With more than 50 personal and collective exhibitions in the United States, Portugal, Russia, South Korea, United Kingdom, Colombia, Ecuador and Spain, among other countries, Poblet recognizes that having studied in San Alejandro (2007) and having graduated from the Higher Institute of Art (2012), gave her the necessary tools to break away from the academy and open her own creative path. She affirms that the fact that the teachers are, at the same time, independent artists favors the dialogue and the expansion of views, while she recognizes her admiration for the work of Sandra Ramos and also recalls William Pérez, who involved her “in kinetic art.”
Another of the fundamental and decisive influences for the young artist was exchanging experiences with Julio le Parc in his workshop in Paris: “being close to the maestro gave my life a radical turn because getting to know a person with so much wisdom, so sweet, with so much love and with so much passion for his work, made me feel fortunate about my own work, about the career I chose and, above all, to realize how much can reach the entire world from a small workshop. That certainty is overwhelming.” And she immediately recognizes that such an influence can be perceived in the series Patria (Homeland) in which she plays with movement, light, kinetics and, although they are static works, they can be catalogued as optic kinetic art.

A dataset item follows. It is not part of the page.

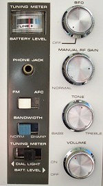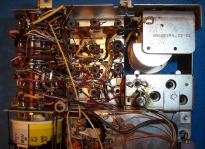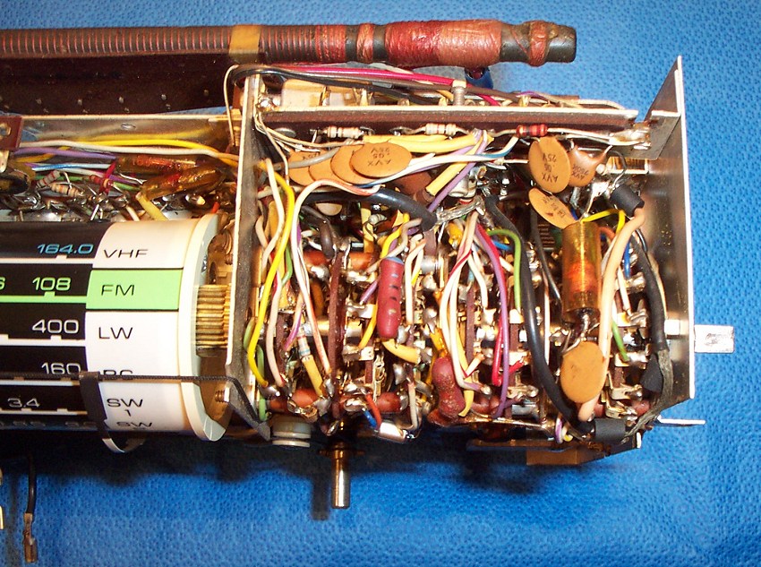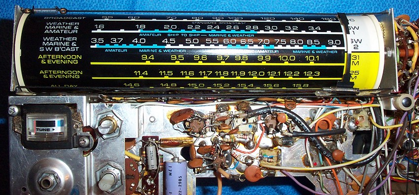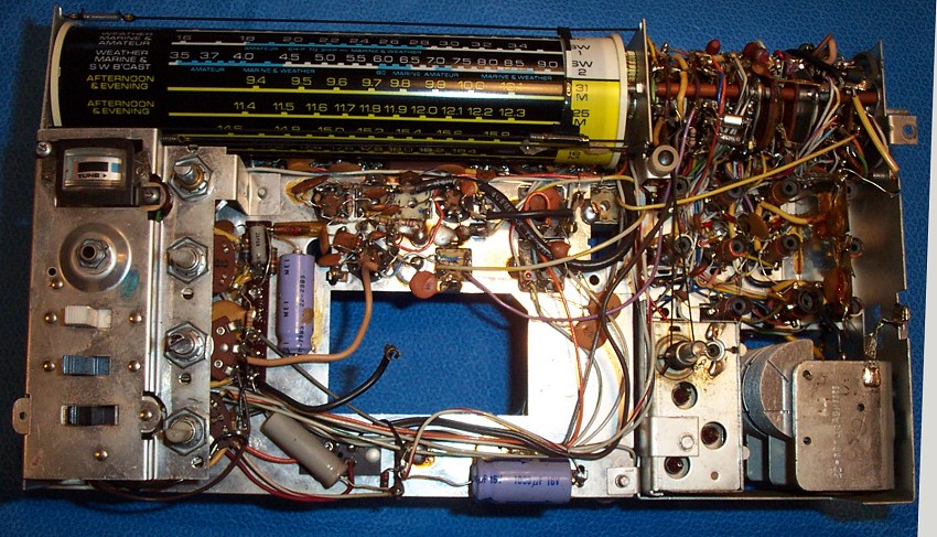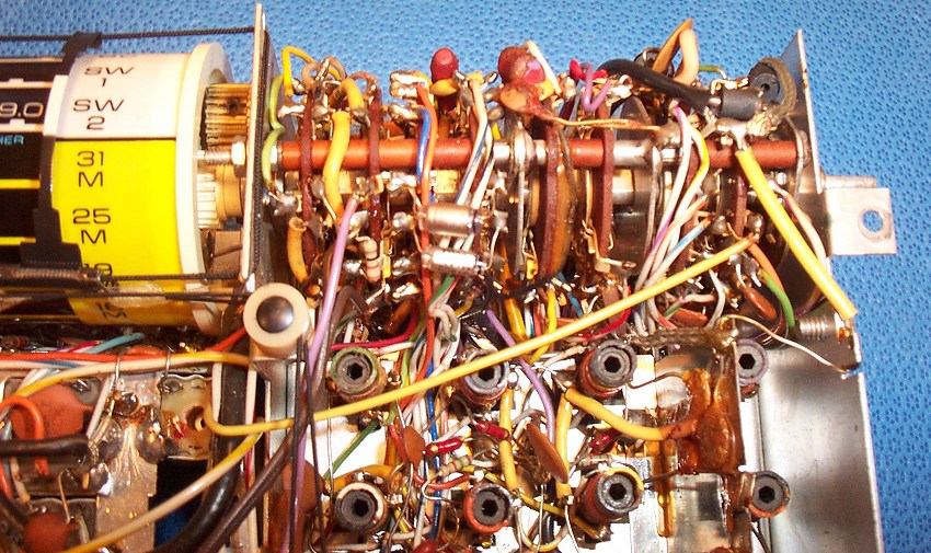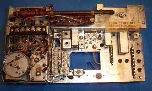 blow out the dirt and grunge, and there was a lot of black powder in there too from deteriorating foam gaskets. Otherwise the chassis looked good…no corrosion or damage was visible. At this point I used clip leads between the back panel and the chassis to hookup the speaker and power so the radio could be operated again. I found that operation was intermittent mainly due to dirty switches and contacts…even touching some of the transistors in their plug-in sockets caused loud crackling. I disconnected the power and proceeded to methodically clean them all. Special care is needed on the band selector wafer switch…some owners have told me that contact cleaner swells the phenolic wafers causing the control to bind, although they said when it dried out normal operation was restored. The contact sliders on my wafer switch were obviously dirty and worked poorly…it was necessary to clean them carefully. As with all controls, but especially in this case, when I was done I carefully cleaned away all traces of the contact cleaner using 91% isopropyl alcohol. I had no problems with the wafers and normal operation was restored. Cleaning the transistors in their plug in sockets is easy too…in fact I recommend you don’t remove them fully. You run the risk of plugging them in incorrectly, and at the least, it can be tricky to coax their leads back into the proper position. I simply lifted them out a bit of their seated position, sprayed just a small trace of contact cleaner down the leads toward the sockets, then worked them in and out, ending up with them firmly seated. Every one worked perfectly after that treatment.

Although Mabel Poblet doesn’t make a pure engraving, she does use it for work. It was the specialty that opened for her a field of expression for everything carried out until now: “I was interested in engraving, not to make multiple works but rather to make unique works based on the multiplicity of one same element; that is why there is a series of small fragments in most of my works which make up a greater image. I believe that way of doing comes from my formation as an engraver.”
The self-referential was evident in the beginnings, especially in her first series titled Lugar de origen (Place of Origin) based on photos of her family and of spots in Cienfuegos. Subsequently, in Abacos (Abacuses) the creator focuses on memory and on how we create a host of information throughout life: “I started getting to know more persons and stumbling upon social and political events that started affecting my daily life. All those experiences start settling and form part of creation; that is why I believe I have distanced myself a bit from self- referentiality, to speak of more global themes based on human interrelations.”
The human body has also been a support, a territory explored by Mabel based on the criterion that all human beings have common experiences, even if they have different lives: “we all see someone born, someone die; we move from a city, return to it and leave, we meet someone, we say goodbye, we meet again. In my work – after I left behind the self-referential – I started working with my own body, but to speak of other persons’ experiences. One of those examples is the work Simplemente bella [Simply Beautiful] in which I collaborated with a group of women inmates in the prisons of Holguín, in eastern Cuba. Until now Simplemente bella and Ana are two decisive pieces in my career.”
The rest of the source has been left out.